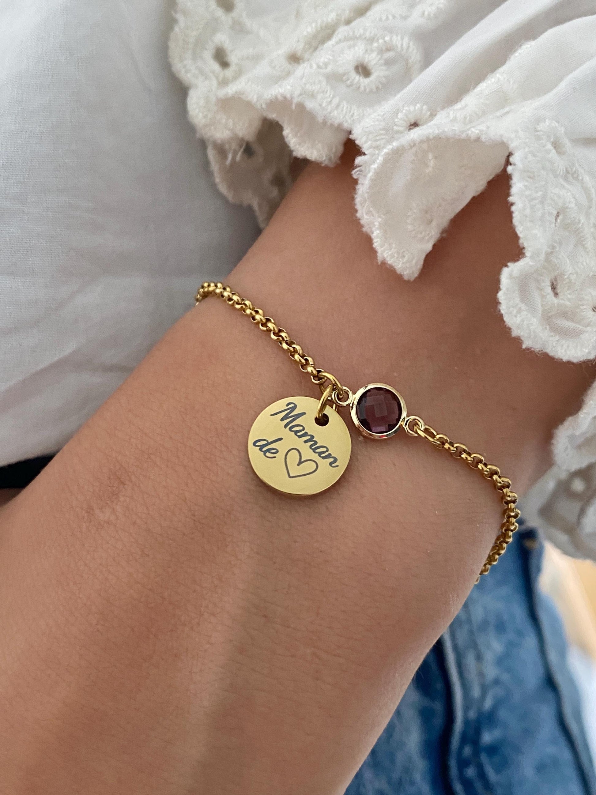 Bracelet Maman Personnalisé en Acier Inoxydable, Bijou Maman Personnalisé avec Pierre de Naissance, Breloque Gravée, Fête des Mères
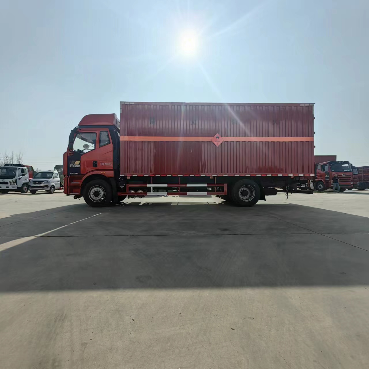 解放J6L國六高頂雙臥危險品車裝載噸位10噸,貨箱尺寸:7.6米和6.8米,箱體可多選,側門可選擇帶雙開雙側門,也可選擇單開側門,尾部可加裝后雙開門,尾部加裝液壓尾板,整車不超重,該車支持定制,可分期付款!
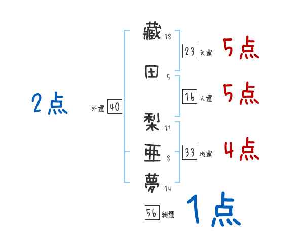 天運![]() | 藏田梨亜夢さんの天運は23画の5つ星!想像力に優れ活力がある。一代で成功し名誉を手に入れる。 家系が持つ宿命的な運勢を表します。祖先から受け継いだ苗字ですので自分の力が及びません。家柄を象徴します。 |
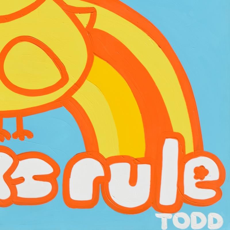 "Chicks Rule" is an original acrylic painting on gallery wrapped canvas by Todd Goldman, hand signed by the artist. Includes Letter of Authenticity. Measures approx. 60" x 48" (image). Due to the way this piece was stored there may be minor wear or signs of age (such as wear on the corners) but the piece is in overall good condition.
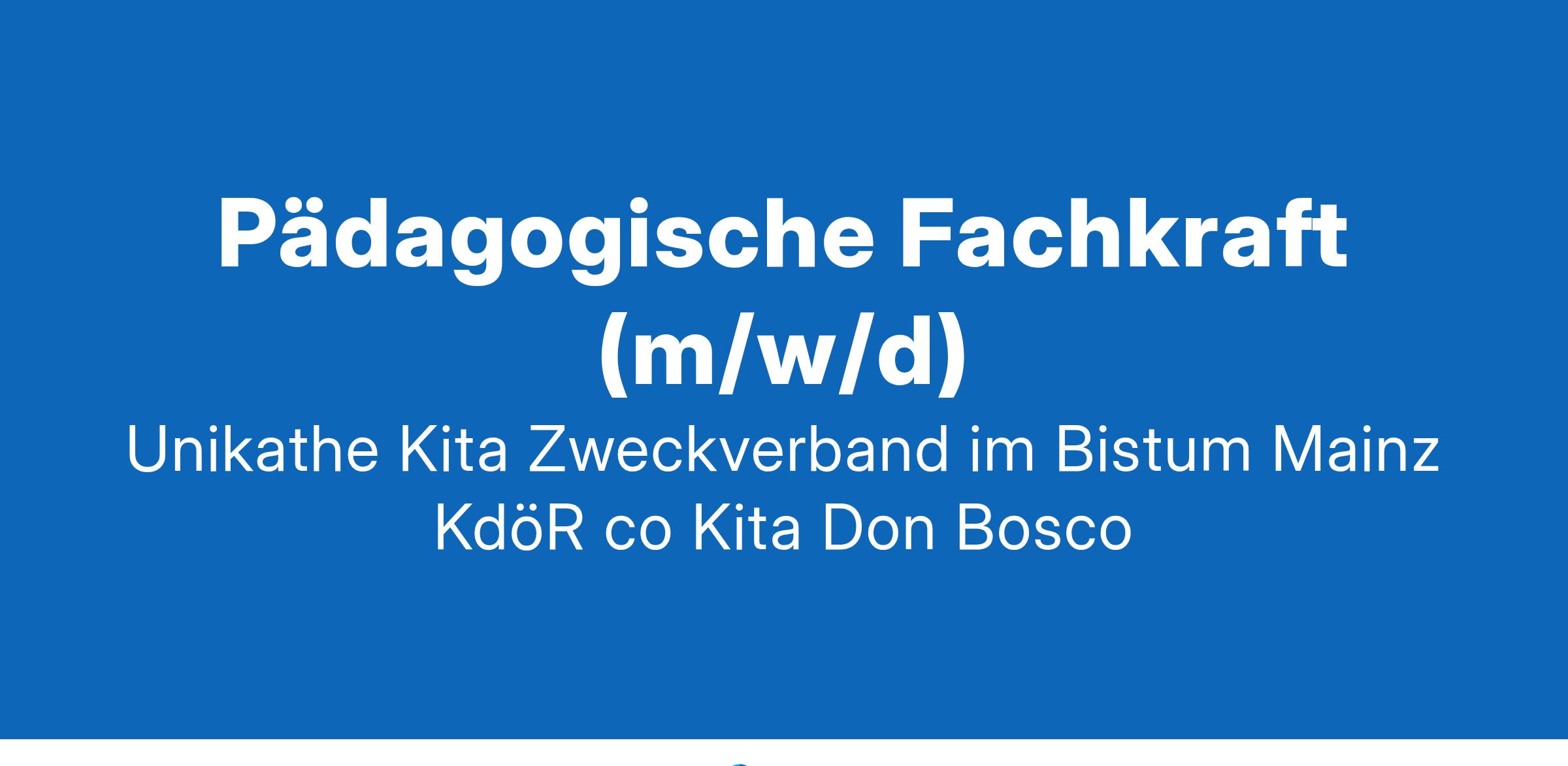 Pädagogische Fachkraft (m/w/d) Wir suchen ab sofort Pädagogische Fachkräfte (m/w/d) in Teilzeit (mind. 19,5 Std./Woche) Wir bieten Ihnen mit dieser Stellenausschreibung eine tolle Möglichkeit an, um sich weiterzuentwickeln. In unserer Kindertagesstätte Don Bosco betreuen wir bis zu 50 Kinder im Alter von 3 bis 6 Jahren. Unser schönes Haus steht in Kleinauheim in zentraler Lage und verfügt über ein schönes Außengelände, eine gute Verkehrsanbindung sowie Nähe zum Wildpark Fasanerie. Wir orientieren uns an den Leitlinien und Werten des christlichen Menschenbildes. Unser Erziehungsbild ist ganzheitlich und von einer partizipativen Grundhaltung geprägt. Die Kita zeichnet sich durch ein motiviertes und engagiertes Team, ein sehr gutes Betriebsklima, aktive Eltern und einer gut fundierten Pädagogik aus. Seit dem 01.01.2025 ist die Kita Don Bosco Teil des Unikathe Kita Zweckverbandes im Bistum Mainz. Das sind Ihre Aufgaben: Sie begleiten Kinder in ihren Entwicklungs- und Lernprozessen und gestalten anregende Bildungsra ̈ume Sie nehmen jedes Kind in seiner Persönlichkeit und individuellen Entwicklung wahr Sie beobachten und dokumentieren die individuelle Entwicklung der Kinder Sie richten Angebote und Projekte an Ihren Beobachtungen und der gemeinsamen Reflexion im Team aus Sie sind offen für einen engen und regelmäßigen Austausch mit den Eltern Sie bringen sich aktiv in Teambesprechungen und die Weiterentwicklung unserer Konzeption ein Sie erweitern Ihr Wissen durch regelmäßige Fortbildungen Was Sie erwartet: Vergütung gem. AVR des Dt. Caritasverbandes incl. Jahressonderzahlung Arbeitsmarktzulage (auf Höhe S 8b TVöD SuE) Kirchliche Zusatzversorgung (Betriebsrente) Anerkennung von Vorzeiten möglich 30 Tage Urlaub (bei einer 5-Tage Woche) Fortbildung- und Weiterbildungsmöglichkeiten Supervision Regelmäßige Vorbereitungszeiten, Gruppenbesprechungen und Teamsitzung Möglichkeit zu Exerzitien/Besinnungstage/Bildungsurlaub Wertschätzende Arbeitsatmosphäre Tätigkeiten in einer Kita mit individueller Ausrichtung Ein Arbeitsplatz inmitten der Rhein-Main Metropole, die sowohl die städtischen wie auch die ländlichen Vorteile in sich vereint Was wir erwarten: Eine abgeschlossene Ausbildung als staatlich anerkannte/-r Erzieher/-in, Sozialpädagoge/-in oder eine vergleichbare anerkannte Ausbildung als pädagogische Fachkraft (gerne auch Berufsanfänger/-innen) Einen wertschätzenden und begleitenden Umgang mit Kindern auf ihrem Weg in die Selbstständigkeit Sie bringen sich und Ihre Ideen ein und gestalten den pädagogischen Alltag aktiv mit Sie sind interessiert an persönlicher und fachlicher Weiterentwicklung Sie besitzen die Fähigkeit, im Team zu agieren und konzeptionell zu arbeiten Sie bauen Erziehungspartnerschaften mit Eltern auf Zugehörigkeit zu einer christlichen Kirche Identifikation mit und Bereitschaft, die Aufgaben, Ziele und Werte des katholischen Unikathe Kita-Zweckverbandes mitzutragen und an deren Erfüllung mitzuarbeiten Deutschkenntnisse Level C1 Sie sind interessiert? Dann freuen wir uns auf Ihre schriftliche Bewerbung! Per E-Mail: sebastian.bergmann@Bistum-Mainz.DE & kigadonbosco@pepa.de (Anhänge bitte nur im PDF-Format) Per Post: Geschäftsträger für kath. Kindertageseinrichtungen Dekanate Rodgau und Seligenstadt Sebastian Bergmann Goethestraße 29 63500 Seligenstadt
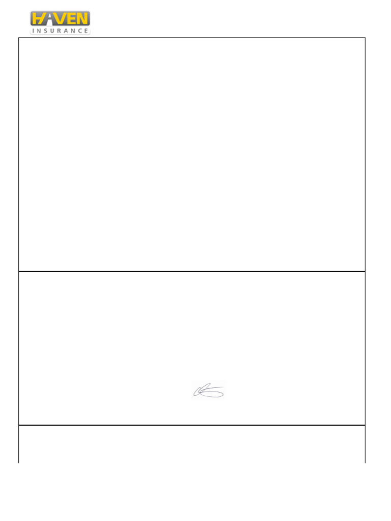 for 30 days or more and the recovery is explicitly authorised by us. Haven Insurance Company Limted
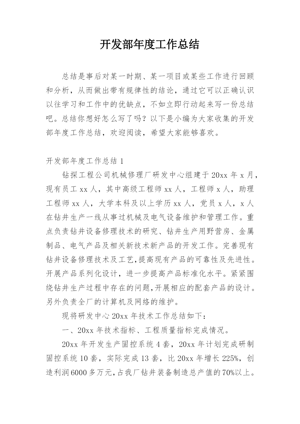 开发部年度工作总结总结是事后对某一时期、某一项目或某些工作进行回顾和分析,从而做出带有规律性的结论,通过它可以正确认识以往学习和工作中的优缺点,不如立即行动起来写一份总结吧。总结你想好怎么写了吗?以下是小编为大家收集的开发部年度工作总结,欢迎阅读,希望大家能够喜欢。开发部年度工作总结1钻探工程公司机械修理厂研发中心组建于20xx年x月,现有员工xx人,其中高级工程师xx人,工程师x人,助理工程师xx人,大学本科及以上学历xx人,党员x人,x人在钻井生产一线从事过机械及电气设备维护和管理工作。重点负责钻井设
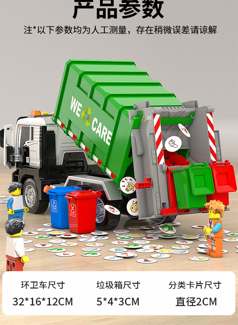 시뮬레이션 대형 쓰레기 트럭 어린이 장난감 쓰레기 분류 버킷 위생 공학 모델 자동차 소년 장난감 도매
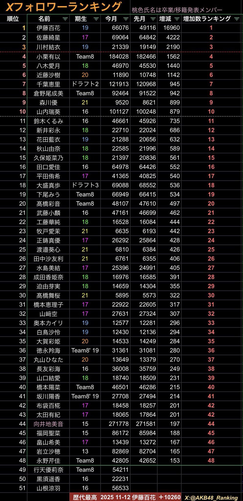 ⭐ 伊藤百花が歴代最高の増加数(伊藤百花 +10260)を更新
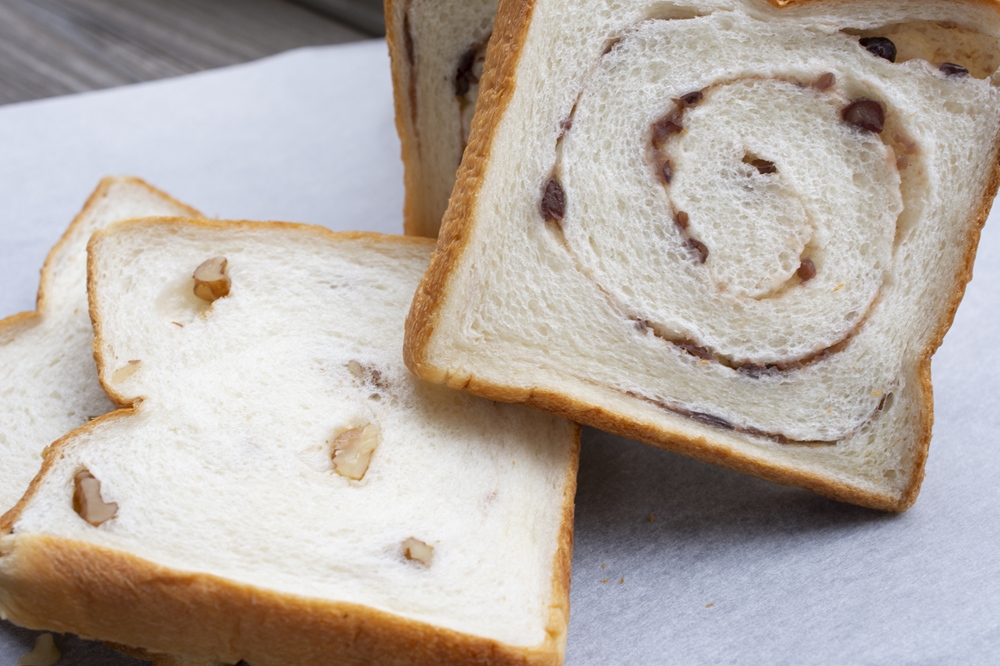 プレーンのほか、くるみ、あんバター、ベーコンチーズ、クリームチーズ(レモン風味)などを練り込んだ食パンは、焼き上がって店頭に並ぶ12時くらいから1時間程度で完売してしまうそうです。
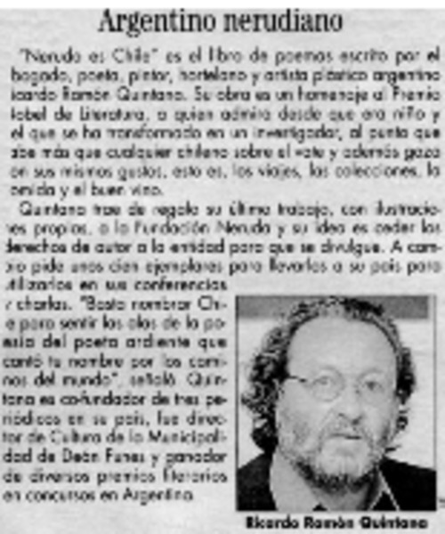 Autores chilenos - Quintana, Ricardo - Neruda es Chile
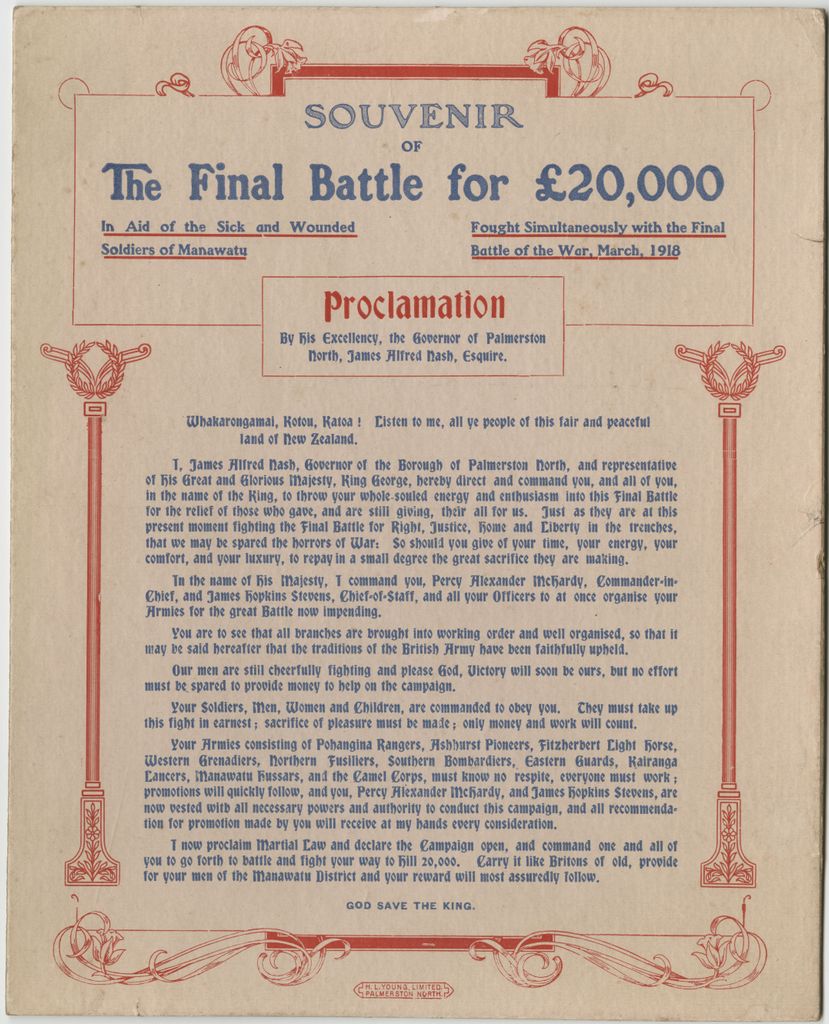 Souvenir - The Final Battle March 1918. Proclamation by his Excellency, The Governor of Palmerston North, James Alfred Nash, Esquire.

⁂

■ Your assignment: Type out the data above once more, exactly, with no images included.

■ Exercise solution:
 Bracelet Maman Personnalisé en Acier Inoxydable, Bijou Maman Personnalisé avec Pierre de Naissance, Breloque Gravée, Fête des Mères
 解放J6L國六高頂雙臥危險品車裝載噸位10噸,貨箱尺寸:7.6米和6.8米,箱體可多選,側門可選擇帶雙開雙側門,也可選擇單開側門,尾部可加裝后雙開門,尾部加裝液壓尾板,整車不超重,該車支持定制,可分期付款!
 天運![]() | 藏田梨亜夢さんの天運は23画の5つ星!想像力に優れ活力がある。一代で成功し名誉を手に入れる。 家系が持つ宿命的な運勢を表します。祖先から受け継いだ苗字ですので自分の力が及びません。家柄を象徴します。 |
 "Chicks Rule" is an original acrylic painting on gallery wrapped canvas by Todd Goldman, hand signed by the artist. Includes Letter of Authenticity. Measures approx. 60" x 48" (image). Due to the way this piece was stored there may be minor wear or signs of age (such as wear on the corners) but the piece is in overall good condition.
 Pädagogische Fachkraft (m/w/d) Wir suchen ab sofort Pädagogische Fachkräfte (m/w/d) in Teilzeit (mind. 19,5 Std./Woche) Wir bieten Ihnen mit dieser Stellenausschreibung eine tolle Möglichkeit an, um sich weiterzuentwickeln. In unserer Kindertagesstätte Don Bosco betreuen wir bis zu 50 Kinder im Alter von 3 bis 6 Jahren. Unser schönes Haus steht in Kleinauheim in zentraler Lage und verfügt über ein schönes Außengelände, eine gute Verkehrsanbindung sowie Nähe zum Wildpark Fasanerie. Wir orientieren uns an den Leitlinien und Werten des christlichen Menschenbildes. Unser Erziehungsbild ist ganzheitlich und von einer partizipativen Grundhaltung geprägt. Die Kita zeichnet sich durch ein motiviertes und engagiertes Team, ein sehr gutes Betriebsklima, aktive Eltern und einer gut fundierten Pädagogik aus. Seit dem 01.01.2025 ist die Kita Don Bosco Teil des Unikathe Kita Zweckverbandes im Bistum Mainz. Das sind Ihre Aufgaben: Sie begleiten Kinder in ihren Entwicklungs- und Lernprozessen und gestalten anregende Bildungsra ̈ume Sie nehmen jedes Kind in seiner Persönlichkeit und individuellen Entwicklung wahr Sie beobachten und dokumentieren die individuelle Entwicklung der Kinder Sie richten Angebote und Projekte an Ihren Beobachtungen und der gemeinsamen Reflexion im Team aus Sie sind offen für einen engen und regelmäßigen Austausch mit den Eltern Sie bringen sich aktiv in Teambesprechungen und die Weiterentwicklung unserer Konzeption ein Sie erweitern Ihr Wissen durch regelmäßige Fortbildungen Was Sie erwartet: Vergütung gem. AVR des Dt. Caritasverbandes incl. Jahressonderzahlung Arbeitsmarktzulage (auf Höhe S 8b TVöD SuE) Kirchliche Zusatzversorgung (Betriebsrente) Anerkennung von Vorzeiten möglich 30 Tage Urlaub (bei einer 5-Tage Woche) Fortbildung- und Weiterbildungsmöglichkeiten Supervision Regelmäßige Vorbereitungszeiten, Gruppenbesprechungen und Teamsitzung Möglichkeit zu Exerzitien/Besinnungstage/Bildungsurlaub Wertschätzende Arbeitsatmosphäre Tätigkeiten in einer Kita mit individueller Ausrichtung Ein Arbeitsplatz inmitten der Rhein-Main Metropole, die sowohl die städtischen wie auch die ländlichen Vorteile in sich vereint Was wir erwarten: Eine abgeschlossene Ausbildung als staatlich anerkannte/-r Erzieher/-in, Sozialpädagoge/-in oder eine vergleichbare anerkannte Ausbildung als pädagogische Fachkraft (gerne auch Berufsanfänger/-innen) Einen wertschätzenden und begleitenden Umgang mit Kindern auf ihrem Weg in die Selbstständigkeit Sie bringen sich und Ihre Ideen ein und gestalten den pädagogischen Alltag aktiv mit Sie sind interessiert an persönlicher und fachlicher Weiterentwicklung Sie besitzen die Fähigkeit, im Team zu agieren und konzeptionell zu arbeiten Sie bauen Erziehungspartnerschaften mit Eltern auf Zugehörigkeit zu einer christlichen Kirche Identifikation mit und Bereitschaft, die Aufgaben, Ziele und Werte des katholischen Unikathe Kita-Zweckverbandes mitzutragen und an deren Erfüllung mitzuarbeiten Deutschkenntnisse Level C1 Sie sind interessiert? Dann freuen wir uns auf Ihre schriftliche Bewerbung! Per E-Mail: sebastian.bergmann@Bistum-Mainz.DE & kigadonbosco@pepa.de (Anhänge bitte nur im PDF-Format) Per Post: Geschäftsträger für kath. Kindertageseinrichtungen Dekanate Rodgau und Seligenstadt Sebastian Bergmann Goethestraße 29 63500 Seligenstadt
 for 30 days or more and the recovery is explicitly authorised by us. Haven Insurance Company Limted
 开发部年度工作总结总结是事后对某一时期、某一项目或某些工作进行回顾和分析,从而做出带有规律性的结论,通过它可以正确认识以往学习和工作中的优缺点,不如立即行动起来写一份总结吧。总结你想好怎么写了吗?以下是小编为大家收集的开发部年度工作总结,欢迎阅读,希望大家能够喜欢。开发部年度工作总结1钻探工程公司机械修理厂研发中心组建于20xx年x月,现有员工xx人,其中高级工程师xx人,工程师x人,助理工程师xx人,大学本科及以上学历xx人,党员x人,x人在钻井生产一线从事过机械及电气设备维护和管理工作。重点负责钻井设
 시뮬레이션 대형 쓰레기 트럭 어린이 장난감 쓰레기 분류 버킷 위생 공학 모델 자동차 소년 장난감 도매
 ⭐ 伊藤百花が歴代最高の増加数(伊藤百花 +10260)を更新
 プレーンのほか、くるみ、あんバター、ベーコンチーズ、クリームチーズ(レモン風味)などを練り込んだ食パンは、焼き上がって店頭に並ぶ12時くらいから1時間程度で完売してしまうそうです。
 Autores chilenos - Quintana, Ricardo - Neruda es Chile
 Souvenir - The Final Battle March 1918. Proclamation by his Excellency, The Governor of Palmerston North, James Alfred Nash, Esquire.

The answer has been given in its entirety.